Task directions: Would you return the listing that follows exactly, leaving its pictures behind?

Collected material:
★ ★ ★

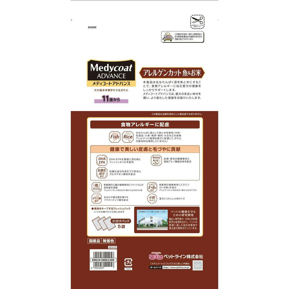 【ケース販売】ペットライン メディコートアドバンス アレルゲンカット 魚&お米 11歳から 500g×5袋(1ケース4個入り) シニア アレルゲン対応 ドライフード 1041101004【別送品】
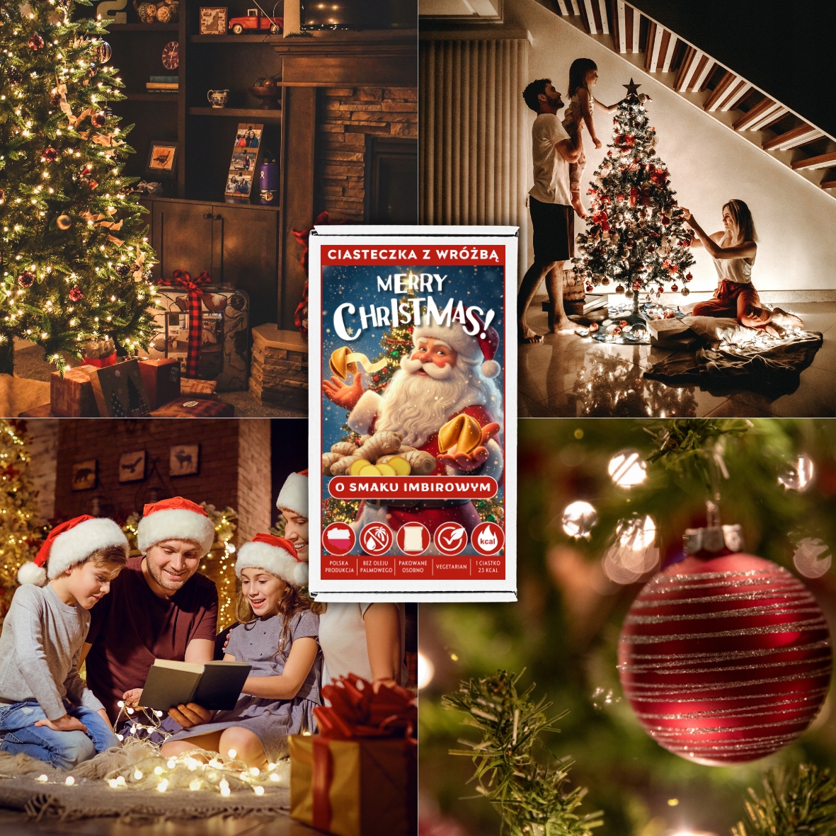У цій пропозиції імбирне печиво з передбаченнями постачається у готовій різдвяній упаковці з фольги – точно так, як на фото. Вам не потрібно нічого клеїти, готувати або персоналізувати самостійно. Завдяки цьому ви можете:
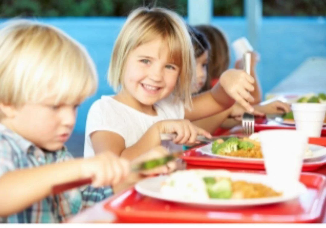 The image shows children eating together in a cafeteria setting, which indicates they are having lunch at school.

★ ★ ★

Answer below:
 【ケース販売】ペットライン メディコートアドバンス アレルゲンカット 魚&お米 11歳から 500g×5袋(1ケース4個入り) シニア アレルゲン対応 ドライフード 1041101004【別送品】
У цій пропозиції імбирне печиво з передбаченнями постачається у готовій різдвяній упаковці з фольги – точно так, як на фото. Вам не потрібно нічого клеїти, готувати або персоналізувати самостійно. Завдяки цьому ви можете:
 The image shows children eating together in a cafeteria setting, which indicates they are having lunch at school.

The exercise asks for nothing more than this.